The gift shop at Portland Head Light made $680,276 for the fiscal year that ended June 30. However, that money is dedicated exclusively to preservation of the lighthouse and keeper’s quarters.

According to Walsh, the town makes about $200,000 per year in other park revenues, including leases to a limited number of food vendors and entry fees assessed to tour buses, both initiatives launched in 2011.

Council Chairman Jessica Sullivan said the town spends about $257,000 per year above any net revenues just to maintain Fort Williams Park. That, she has said, creates a burden on local homeowners, given that a relative dearth of industry in Cape Elizabeth means 82.7 percent of the town’s annual budget is covered by residential property owners. Taxpayers saw a 6.6 percent property tax increase this year, helping to drive a tide of public opinion toward finally treating Fort Williams as an income opportunity.

At Tuesday’s workshop, outgoing Councilor Sara Lennon was the most vocal in support of accessing parking fees. Apart from the need for revenue, she said, the park has become increasingly popular in recent years, partly as a result of site improvements made by the town.

“It’s way too crowded,” she said. “In a way, the park is being ripped away from the very people who are paying for it. I think we should charge as much as the market will bear and then some, so people will think twice.

“If we are going to take this step that is going to be unpopular, no doubt, I am personally not interested in taking that step if it’s small,” Lennon said. “If we are going to have our park overrun, can we at least make some serious profit on it?”

While most on the council seemed to support Lennon’s position, some said the town still needs to decide exactly why it needs to charge parking fees.

“I think we have not decided what the objective is,” said Councilor Penny Jordan. “Is it to defray the costs of the park to the citizens of Cape Elizabeth, or to reduce the usage of the park by others?
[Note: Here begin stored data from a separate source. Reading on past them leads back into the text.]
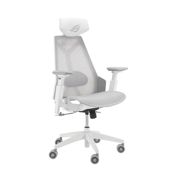 ASUS ROG Destrier Ergo Core White Gaming Stuhl (ergonomischer Gaming Chair, 360 Grad Armstützen mit bis zu 14cm Höhe für mobile Gaming, Nylonrahmen, Mesh, Lendenwirbelstütze und Kopfstütze, Weiß)
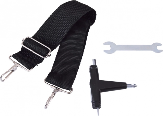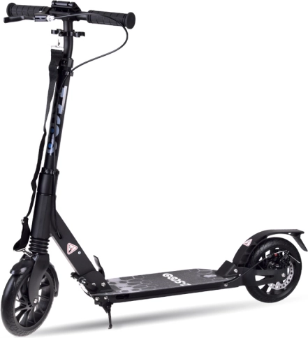Der „One-Hand“-Mechanismus ermöglicht das Zusammenklappen des Scooters in wenigen Sekunden. Der mitgelieferte Schultergurt erleichtert das Tragen in öffentlichen Verkehrsmitteln und über Treppen.
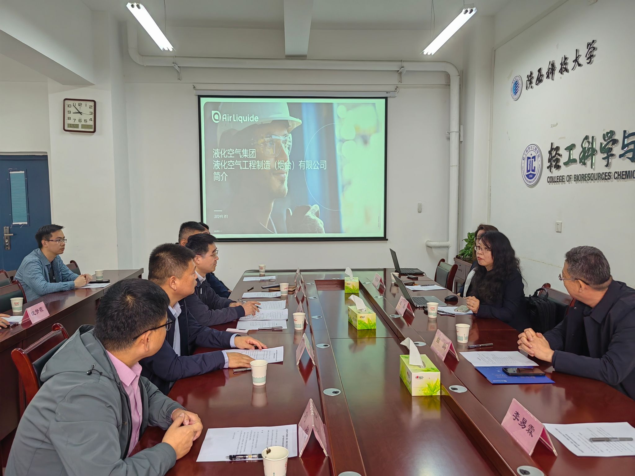 3月26日,烟台市蓬莱区政协秘书长曲鹏、法国液化空气集团——液化空气工程制造(烟台)有限公司人力资源及总务部门经理王磊、法液空工程制造中国区招聘及人力资源项目经理毛蓓娜等一行到轻工科学与工程学院(柔性电子学院)开展产学研合作交流。轻工学院院长吕斌、党委副书记张乾隆、新能源科学与工程系全体教师参加座谈会。
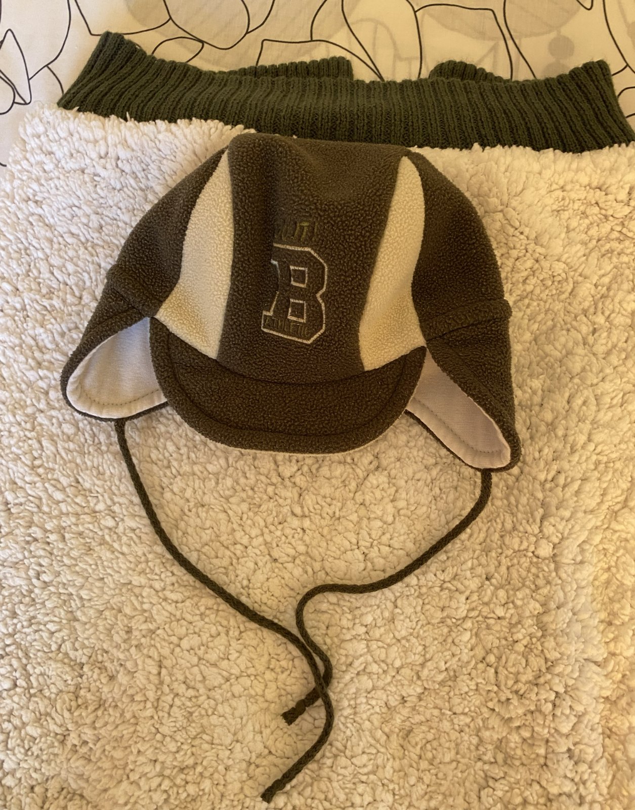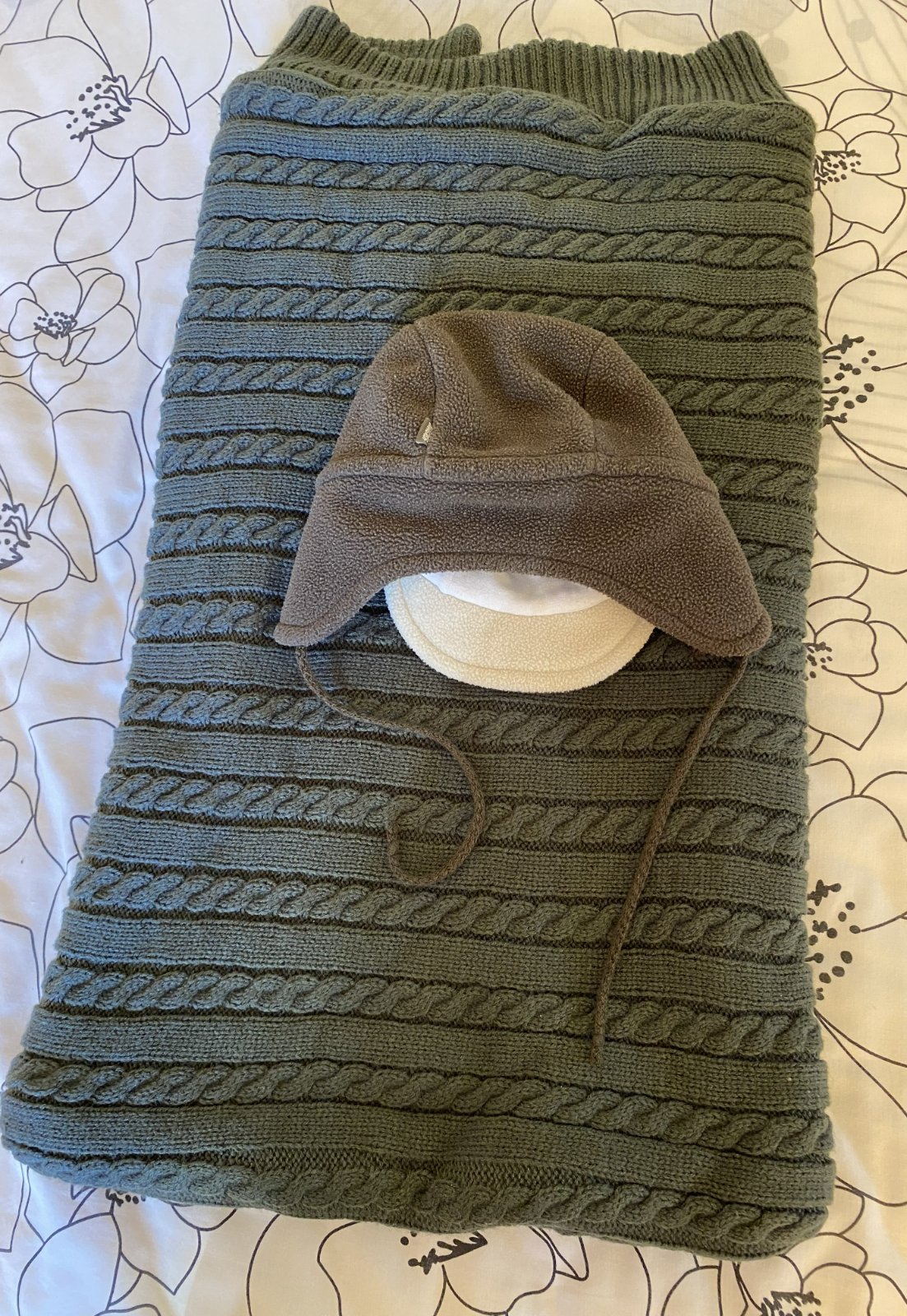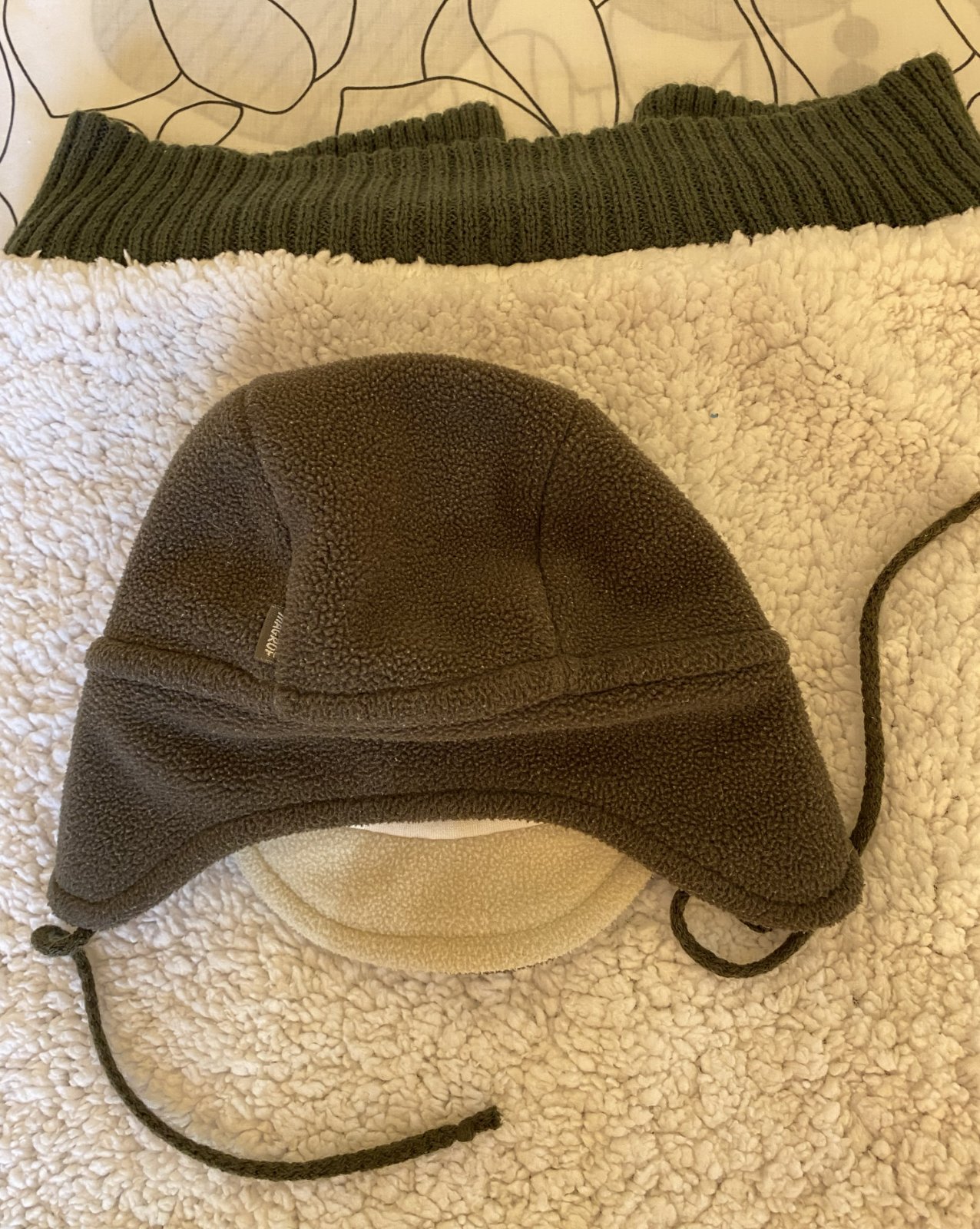 Teplý vak kožušinka - pletenina - vrchný materiál pružná mäkká pletenina, pekná khaki farba, patenty v dvoch vrstvách, z vnútornej strany biela mäkká umelá kožušinka. Miery merané z vnútornej strany v kľude - materiál je pružný, všade povolí: dĺžka bez patentu: 63cm + 7cm patent - 2 vrstvy, šírka: 43cmx2 + teplá čiapka so šiltom MAGROF - (POLARCAP - výhradný dovozca pre ČR a SR), materiál 98% bavlna, 2% elastan, vonkajší materiál jemný mäkký flis, z vnútornej strany podšitá bavlnou + malé množstvo elastanu, kombinácia farieb khaki zelená - béžová, v top stave. Miery: OH písaný 51-53cm, výška cez krytie ušiek: 21cm.
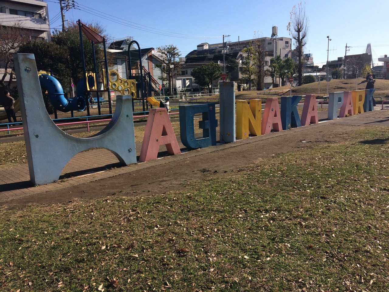 公園だから当たり前といえば当たり前なんですが、少子化の影響もあって子供が疎らやいなかったりする公園が多いです。しかし、寒空の中でも、ここの公園は親子で楽しそうに遊んでいる姿が見られて、なぜかホッとしました。子供の交通教育のためか、自動車教習所のような施設がありました。
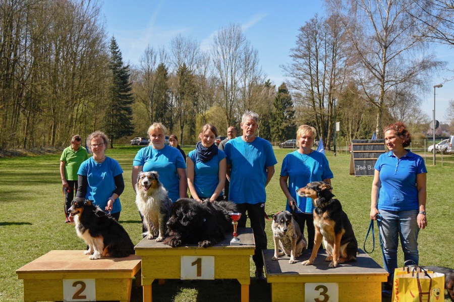 Aber auch für unsere zweite Gruppe war es ein erfolgreicher Tag. Trotz der Tatsache, dass es für fast alle das erste Turnier in der Gruppe und vor allem in dieser Konstellation war, erreichten Martina Wimmer mit Meggy, Susanne Kozelka mit Monchi, Corinna Sommer mit Kajla, Jennifer Disser mit Aimée und Yvonne Schreiner mit Joules verdient den zweiten Platz mit 165 Punkten vor der Hundesportlern aus Klein-Welzheim mit 155 Punkten.
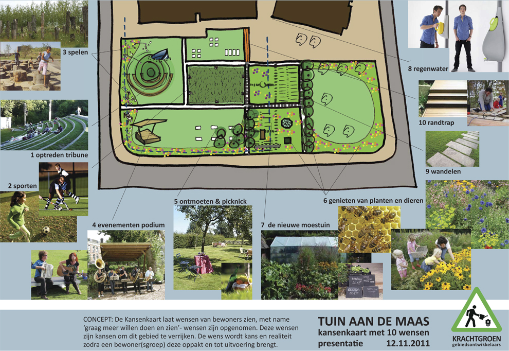 In Rotterdam toverden buurtbewoners van het Lloydkwartier een ‘witte vlek’ op de Rotterdamse Mullerpier om tot een buurttuin, de “Tuin aan de Maas“. In 2012 hebben wij in opdracht van de Koninklijke Nederlandsche Heidemaatschappij de bewoners rondom de “Tuin aan de Maas” begeleid bij het inventariseren van de wensen voor de uitbreiding van de tuin en het ontwerp. Na een gezellige dag vol workshops werden er veel wensen verzameld en behoeften gepeild. Het resultaat was een verrassende prioriteitenlijst voor de toekomst van “Tuin aan de Maas”. Hieronder een indruk van dit inspirerende proces.

Which is the objective we are trying to meet, and based on that, what are the actions we are going to take?”

Unlike Caitlin Jordan, Penny Jordan said she did not think the council needs to put the new parking fee proposal out to voters.

“With the amount of traffic and the number of people now going through that park, I think that we really need to be cognizant that we have something that needs to be managed,” she said. “It is no longer a community park. It’s no longer a park that’s about Cape, or South Portland, or even Scarborough. It’s a park that is now national and, to some point, could even be said to be international.”